I keep checking these out as I would love to build one myself well at least when "she" lets me :?

Si


----------



## Leg (Jan 11, 2006)

redsi72 said:


> Leg said:
> 
> 
> > Had a Westfield, was great apart from the XFlow engine which would break down all the time no matter what I had done to it. With a more modern engine, brilliant!
> ...


They use all sorts of engines in 'em. Corsa, Ford Sigma and Duratec, Suzuki Hyabusa even the Rover V8 although there are other after market options too. Any of them would have been better than the xflow frankly! Donor cars wise Sierra is common but like you say, there are other options as there are other options on 7 replica kit cars. Tiger, MK, Locost, Robin Hood (dont), RAW to name but a few.

Mine only cost me £4000 although it was in a sorry state when I got it...

But a couple of grand and a winter of hard work sorted it out for the most part but that bloody xflow refused to play ball and I lost patience.

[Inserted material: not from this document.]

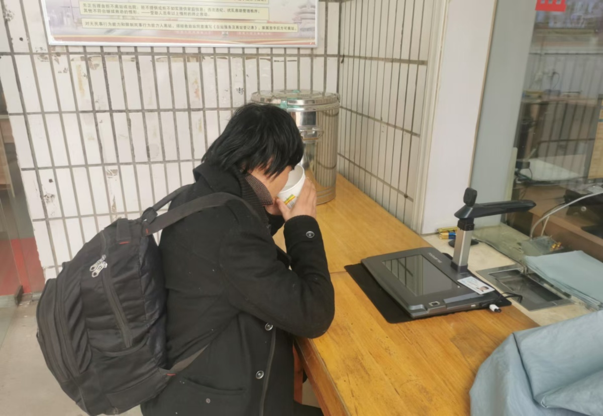 (李某某在郑州市二七区救助站喝热水)

And there were good times...










But plenty of bad times too. I'm actually looking at a new track car (I've tracked the M at Croft and the combination of no insurance (makes you back off a bit) and wear and tear on the car (Had a completely new set of brakes on warranty including discs) makes me think a lighter track specific car is a better idea.

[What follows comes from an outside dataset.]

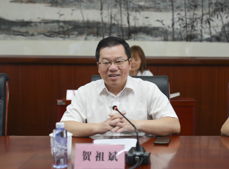 贺祖斌代表学校对北京崇学文化发展有限公司的慷慨捐赠表示感谢,并简要介绍了学校发展情况。他表示,在全国上下开展主题教育之际,能够获赠多语种《习近平谈治国理政》图书对于学校具有重大的意义,是非常珍贵的财富。他指出,《习近平谈治国理政》多语种图书不仅丰富了我校图书馆馆藏资源,同时对把习近平新时代中国特色社会主义思想融入人才培养全过程、提高人才培养质量、增强国际交流与合作具有深远影响。希望全校党员领导干部和师生,珍惜和利用好这批宝贵的文献资料,认真学习贯彻以习近平同志为核心的党中央提出的一系列治国理政新理念新思想新战略,持续学思践悟《习近平谈治国理政》,不断提升传播中国声音、讲好中国故事、展现中国智慧的能力。

My heart lies here although my wallet doesnt!



















The new RAW Fulcrum is nice and more affordable though..


----------



## chris_p (Dec 14, 2008)

I was more on the lines of cheap track cars lol but westfields/caterams are obviously quality fun!


----------



## redsi72 (Nov 13, 2006)

I just opened this up and read Legs post. The missus seen it [smiley=argue.gif] 
Nice cars Sir, they are soooo tempting.

Si


----------



## Bikerz (Aug 23, 2008)

If you want fun on a budget get a mx5!


----------



## SteveS TT (Apr 23, 2008)

106 GTI / Saxo VTS would be the best option imo.

If you crash the MG you're quite frankly f*cked.

You can pick up Clio 172's silly cheap these days.


----------



## Dave-TT (Feb 24, 2009)

A guy in work brought his toy in a few months ago and took me for a spin, it was a Lotus 2-11 and WOW what a car, quick picy.... Still it is quite expensive though!!










Dave


----------



## Bikerz (Aug 23, 2008)

Mates just brought a Saxo TVS for a track car for £400 and then paid £200 for another engine (for tuning and just incase) bargin!


----------



## SteveS TT (Apr 23, 2008)

Bikerz said:


> Mates just brought a Saxo TVS for a track car for £400 and then paid £200 for another engine (for tuning and just incase) bargin!


Gearboxes will be the issue... The 16v lump was reliable as anything for me but the gearboxes are made out of chocolate. Didn't like too much abuse.


----------



## chris_p (Dec 14, 2008)

Bikerz said:


> If you want fun on a budget get a mx5!


There's something about owning an mx5 and a tt that would get the neighbours talking....lol


----------



## chris_p (Dec 14, 2008)

SteveS TT said:


> 106 GTI / Saxo VTS would be the best option imo.
> 
> If you crash the MG you're quite frankly f*cked.
> 
> You can pick up Clio 172's silly cheap these days.


I was thinking about doing the 106/vts route. wouldn't be a bad choice. Only real issue is they're lacking in power a little bit.

Regards the Mg, there's still parts about so that's not really an issue, not like people think.

Clio 172 is still out of budget tbh, I used to have a 172 cup before the tt and sold it for 4k. I only really want to spend about a grand! I may goto an auction and see what billy bargains are about.


----------



## jimmyflo (Apr 15, 2009)

I know they are very old but novas are still fun with a 2.0 16v xe in them :evil:


----------



## sniper-sam (Jan 23, 2007)

What aboout an Elise?


----------



## Bikerz (Aug 23, 2008)

But the pic you posted is of a vx220 :roll: :lol:


----------



## sniper-sam (Jan 23, 2007)

Get your eyes tested..............check my avator, they are the same car, and when I was in the garage earlier it defo looked like an Elise, although maybe I need my eyes tested :roll:


----------



## HighTT (Feb 14, 2004)

sniper-sam said:


> Get your eyes tested............... although maybe I need my eyes tested :roll:


Good idea - the OP wrote; "I only really want to spend about a grand"  Or are you selling your Elise for that :lol: :wink:


----------



## sniper-sam (Jan 23, 2007)

Sorry sir I read his first post and replied, didnt read down through everybody elses, inlcuding his replies, You can pick up elise pretty cheap, not a grand though obviously.


----------